Bu akşamki 16 Nisan, 2018’de Akıncı - Anastasiades “sosyal yemeğinde”, ana menü bu değilse bile, ana madde budur. Üs bölgelerindeki Birleşik Kırallık egemenliği ne kadar meşru ise, Kıbrıs Cumhuriyeti’nin egemenliğindeki Kıbrıslı Türk ve Kıbrıslı Rum ortaklığı da  o kadar meşru ve yasaldır.Uluslararası hukuk da bunu söylüyor.
Rum toplumlu ya da tek toplumlu bir devlete indirgenmiş olan Kıbrıs Cumhuriyeti’nin BM ve AB üyelikleri 1959-60 antlaşmalarıyla ortada duran uluslararası hukuku ortadan kaldırmaya yetmez. Yetseydi, Rum adadaşlar, BM,AB ve tüm dünya, “iki toplumlu, iki bölgeli siyasal eşitliğe dayalı federal bir devlet” çözümünden söz etmezlerdi.
Tek (Rum) toplumlu Kıbrıs Cumhuriyeti, 55 yıllık Kıbrıs problematiğinin ta kendisidir.
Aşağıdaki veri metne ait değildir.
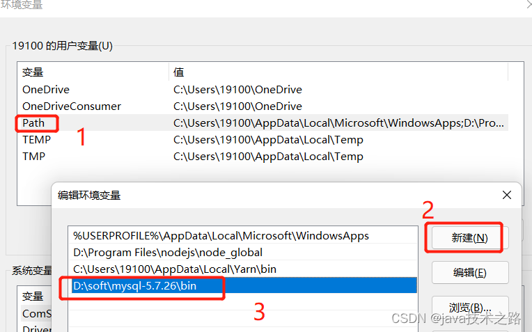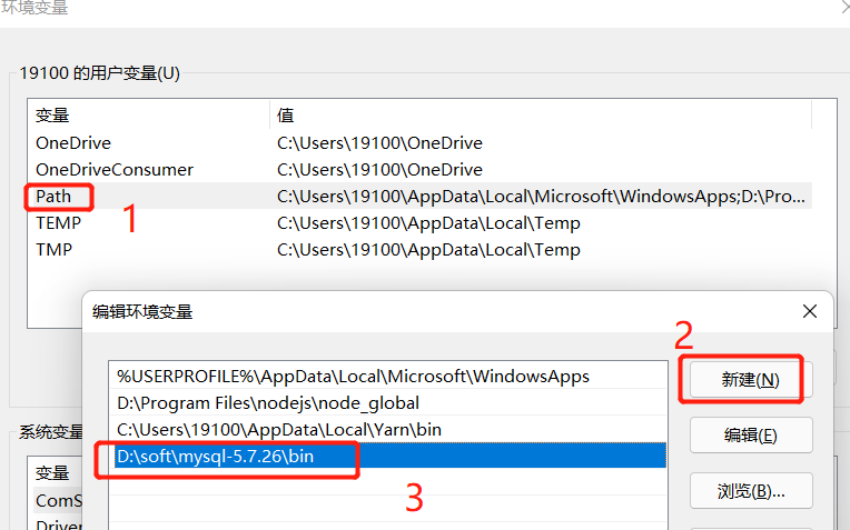 新建环境变量路径:D:\soft\mysql-5.7.26\bin

Tek (Rum) toplumlu olmasına rağmen ,adanın bütününde ve denizlerinde tek egemen olduğunu iddia etmek gayrımeşru, hukuk dışı, ve mantıken de sakattır, akıl dışıdır. O ZAMAN NEDEN İKİ TOPLUMLU EGEMEN BİR FEDERAL DEVLETTEN SÖZ EDİLİYOR, TEK TOPLUMLU EGEMEN OLMAK SORUN OLUŞTURMUYORSA.! 
MESELE BU KADAR BASİT. GÖRECEYİG. EN NATHUMEN.